会员服务 ·

有没有处理数据不平衡的方法？ | 社区问答

2017 年 12 月 24 日 AI研习社 AI研习社

这里是 AI 研习社，我们的社区已经正式推出了！欢迎大家来多多交流~

mooc.ai/bbs

（戳文末阅读原文直接进）

社长为你推荐来自 AI 研习社问答社区的精华问答。如有你也有问题，欢迎进社区提问。

一个小介绍：

社区目前主要功能是问答和博客，支持文字、图片、视频、代码、公式、超链接，这些功能可以让你在描述问题 / 回答问题 / 写文章的时候用最清晰的方式来表达，还需要什么你说，我改。

话不多说，直接上题

问：有没有处理数据不平衡的方法？

请问，有没有处理数据不平衡的方法呢？好的方法，其次有什么好的数据增强的方法呢？

来自社友的回答

▼▼▼

@布莱克 • 丹尼

引用 fast.ai 第二部分第 12 课第 110 分钟：http://t.cn/RHA5UJf，在癌症检测模型中不平衡数据 (癌症通常只占 0.3%) 处理的回答（主讲人，jeremy，他创建了一个公司专门做癌症检测的）。我总结一下：

1. 为什么如果什么也不做，模型会不好？

如果癌症的数量很小时，模型在学习的时候会倾向于觉得整个样本集没有癌症，对于癌症样本，学习到的权重会很小甚至为 0.

2. 怎么建立模型？

一种可行的方式是，建立一个初始模型，然后采用特定的小批量数据进行训练，小批量数据的正负样本比例是（1:1），然后重复多次，让模型能够学到癌症样本的权重，但是要采用一些防止过拟合的技术。

但是要能够准确检测癌症又不能过拟合，这是两个极端的事情。首先要弄清楚 what's the smallest number of people with cancer that you can get away with，假设是 10%，创建一个模型，小批量数据 (mini-batch) 的没有癌症和有癌症样本比例（9:1），然后训练，如果这个模型效果很好，然后再减少有癌症的比例，再训练，。。。我认为这是最基本的技巧。

3. 在这个例子中，就是通过不断重复训练有癌症的样本，来加大有癌症的权重？

是的

4. 那直接减少那些没有癌症的样本数量进行训练会不会的到相同的结果？

是的，这是一种快速的方法，但是这样你就你不能用到所有的信息（所有没有癌症的样本的信息）

原文贴在这里，总结的不好还请自行理解：

Question: Any advice on imbalanced datasets? Seems to be a recurring issue with real world data.

Answer: Unbalanced datasets, yes. There's not really that much clever you can do about it. A great example would be, one of the impact talks talked about breast cancer detection from mammography scans and this thing called the Dream Challenge had 0.3% of the scans actually had cancer. So that's very unbalanced.

The first thing you try to do with such an unbalanced data set is ignore it and try it and see how it goes. The reason it often doesn't go well is that the initial gradients will tend to point to say they never have cancer because that's going to give you a very accurate model.

One thing you can try and do is to come up with an initial model, which is like maybe some kind of heuristic which is not terrible and get to the point where the gradients don't always point to saying they never have cancer.

But the really obvious thing to do is to adjust your thing which is creating the mini-batches so that on every mini-batch you grab like half of it as being people with cancer and half of it people without cancer. That way you can still go through lots and lots of epochs. The challenge is the people that do have cancer, you're going to see lots and lots of times, so you have to be careful of overfitting.

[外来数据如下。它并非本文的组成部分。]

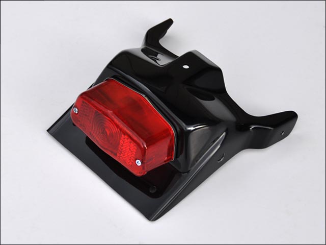 シート下にテールランプが収納され、リア周りをすっきりみせるフェンダーレスキット。●視認性の高いルーカスLタイプのテールランプがセットされています。本体はFRP製、表面は艶のあるサフェーサーコート、裏面サフェースマット&黒塗装仕上げ。●ウインカー取り付け穴(10mm)が用意されています(ノーマルウインカー取付不可)。●ノーマルシートに対応します。弊社『ストリートセミダブルシート』との同時装着は不可。●FTR(223)全年式にボルトオン設計(FTR250は除く)。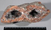 Коллекция Образования и превращения, №2183. Голубоватые прозрачные кристаллы в жеоде на подложке из целестина, окрашенного в красный цвет примесью гематита. Жеода обладает своеобразной, очковой формой. Размер образца 18х9х8см. Длина экспоната 18 см.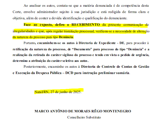 Em despacho publicado no dia 27 de junho de 2025, o conselheiro substituto Marco Antônio de Moraes Rêgo Montenegro determinou a retirada do sigilo do processo, o recebimento formal da denúncia e a mudança da natureza processual, com tramitação em caráter de urgência. O processo foi encaminhado à Diretoria de Controle de Contas de Gestão e Execução da Despesa Pública (DCD) para instrução preliminar.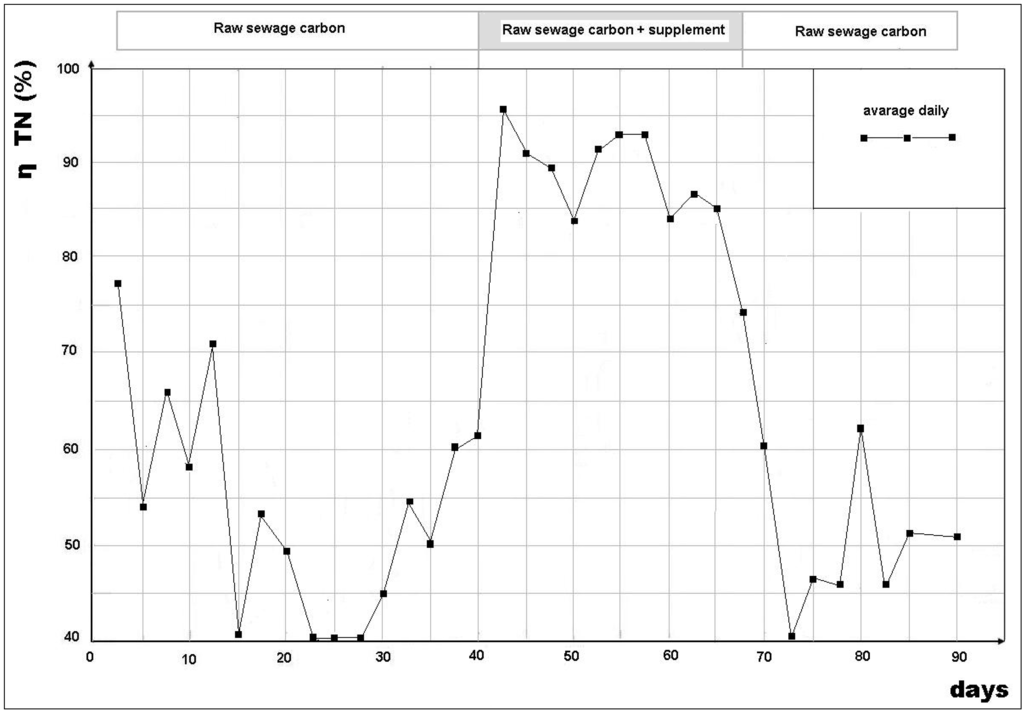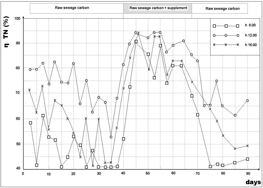 Also in this case, without the supplemental carbon, the trend in the curves appears to be a direct consequence of the BOD5/NO3-N ratio achieved in the denitrification reactor. It clearly shows a low efficiency at 8.00 AM, whereas considerably higher values were achieved at 12.00 AM and at 4.00 PM, which are, however, still insufficient. However, when the supplemental carbon was added, the efficiency rose dramatically, even to values close to 95% (12.00 AM).

Then basically there's things between those two extremes. So I think what you really need to do is figure out what's the smallest number of people with cancer that you can get away with. What's the smallest number where the gradients don't point to 0. Let's say it's 10%. So create a model where every mini-batch you create 10% of it with people with cancer and 90% people without. Train that for a while. The good news is once it's working pretty well, you can then decrease the has cancer size because you're already at the point where your model's not pointing off to 0. So you can kind of gradually start to change the sample to have less and less. I think that's the basic technique.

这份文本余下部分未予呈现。